My MCV and Doomsday - MTL - Chapter 577
Bab 577 – Tindakan Kejam
Bab 577: Tindakan Kejam
Baca di meionovel.id jangan lupa donasinya
Semua orang turun dari MCV dan berjalan di halaman sebuah vila. Vila itu milik Zhang Mingze, tetapi setelah membunuhnya, Jiang Liushi menggunakannya untuk sementara menampung rekan satu timnya.
Di sebelah kolam renang ada panggangan dan meja dengan berbagai bahan yang disiapkan seperti daging berbumbu, sayuran, dan jamur. Selain Zhang Hai dan Sun Kun, Ling dan Ying juga berdiri di depan panggangan. Keduanya menatap bahan-bahan di atas api dengan hati-hati dan tanpa berkedip.
“Saudaraku, ini benar-benar enak,” kata Jiang Zhuying sambil makan.
Jiang Liushi hanya menatapnya. “Gadis kecil, kamu harus mencoba memanggang sendiri daripada makan sepanjang waktu.”
Jiang Zhuying tersenyum dan meringis sebelum mendekatinya. Kemudian, dia menatap kakaknya dengan penuh arti dan berbisik, “Saudaraku tersayang, sebaiknya kamu menyelesaikan urusan cintamu dulu …”
“Urusan cinta? Uh …” Jiang Liushi tercengang. Dia bertanya-tanya apakah saudara perempuannya tahu apa yang terjadi sebelumnya antara dia dan Xiang Xuehai. Dia merasa sangat beruntung bahwa dia telah mengendalikan dirinya sendiri. Kalau tidak, dia tidak akan bisa menghadapi saudara perempuannya lagi.
Segera, gadis-gadis lain berjalan mendekat. Jiang Liushi memandang mereka, dan dia merasa agak malu ketika matanya tertuju pada Xiang Xuehai.
“Datang dan makan. Memang enak,” kata Jiang Liushi sambil tersenyum.
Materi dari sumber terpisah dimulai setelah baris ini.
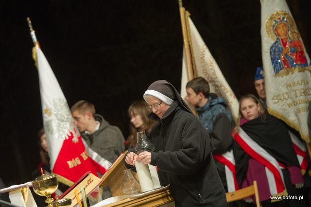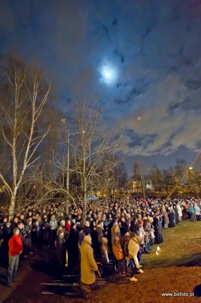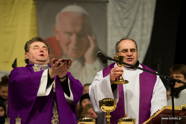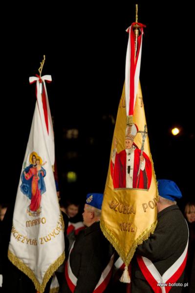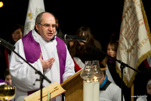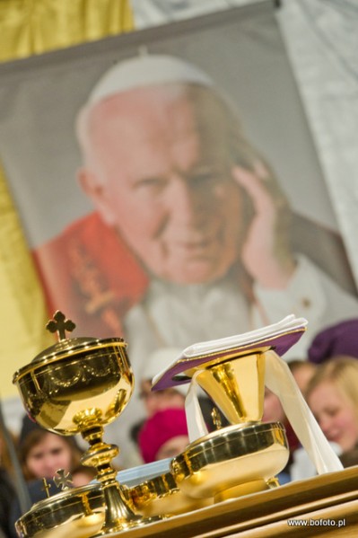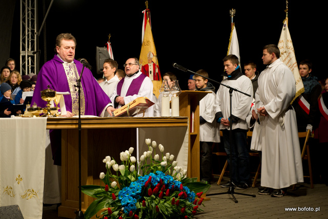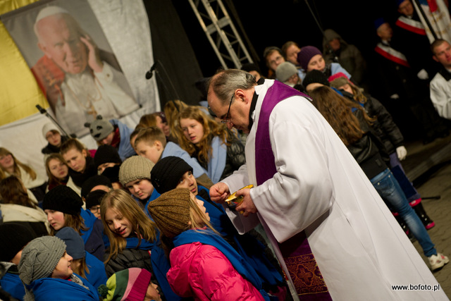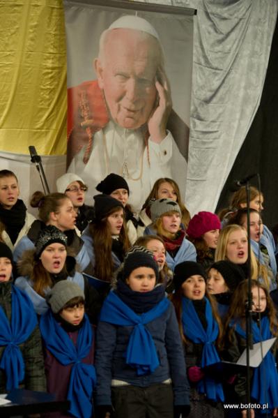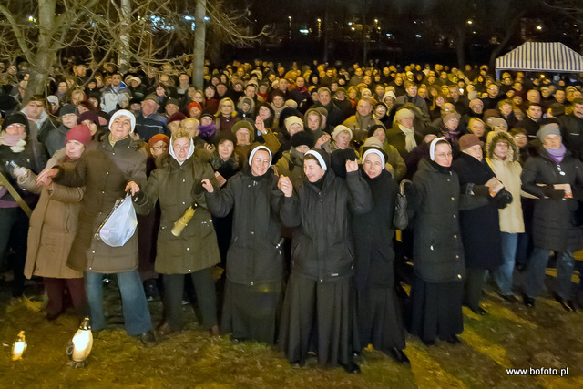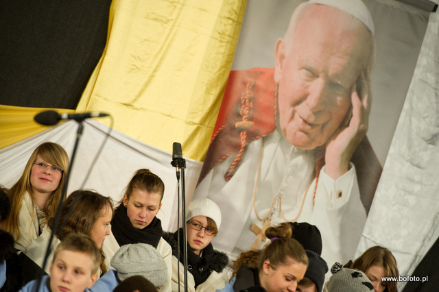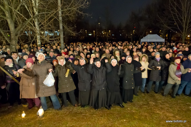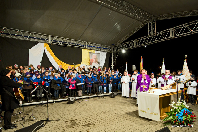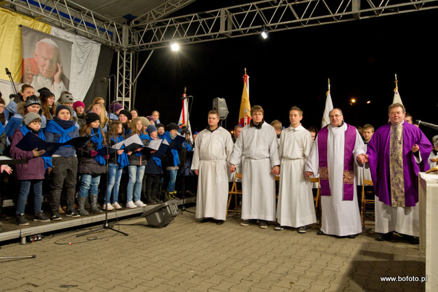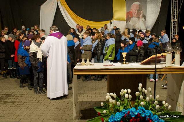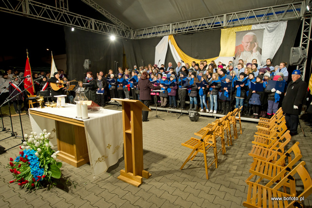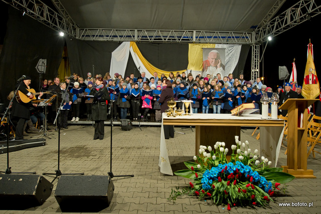 rozdając miłosierdzie Boże. Po zakończonej mszy świętej wierni zapalili znicze i wziąwszy się za ręce zaśpiewali ukochaną przez Jana Pawła II znaną wszystkim "Barkę"

Xiang Xuehai mengangguk, dan dia dengan anggun mengambil beberapa potong daging panggang, meletakkannya di piringnya. Kemudian, dia duduk di kursi dan mencicipinya perlahan.
Pada saat itu, Li Yuxin dengan lembut menarik Ran Xiyu dan berkata, “Xiyu, Xiyu, ayo barbekyu bersama.”
“Eh? Ide bagus…” kata Ran Xiyu dan mengikuti Li Yuxin ke panggangan.
Panggangan terbuat dari baja dan untuk menggunakannya seseorang perlu membakar arang. Meskipun Li Yuxin cukup pandai memasak, dia belum pernah menggunakan alat primitif seperti itu. Itu juga pertama kalinya Ran Xiyu menggunakan alat tua seperti itu. Itu wajar karena Ran Xiyu lahir di keluarga yang sangat kaya, dan dia tidak pernah perlu berurusan dengan tugas-tugas kasar seperti memasak.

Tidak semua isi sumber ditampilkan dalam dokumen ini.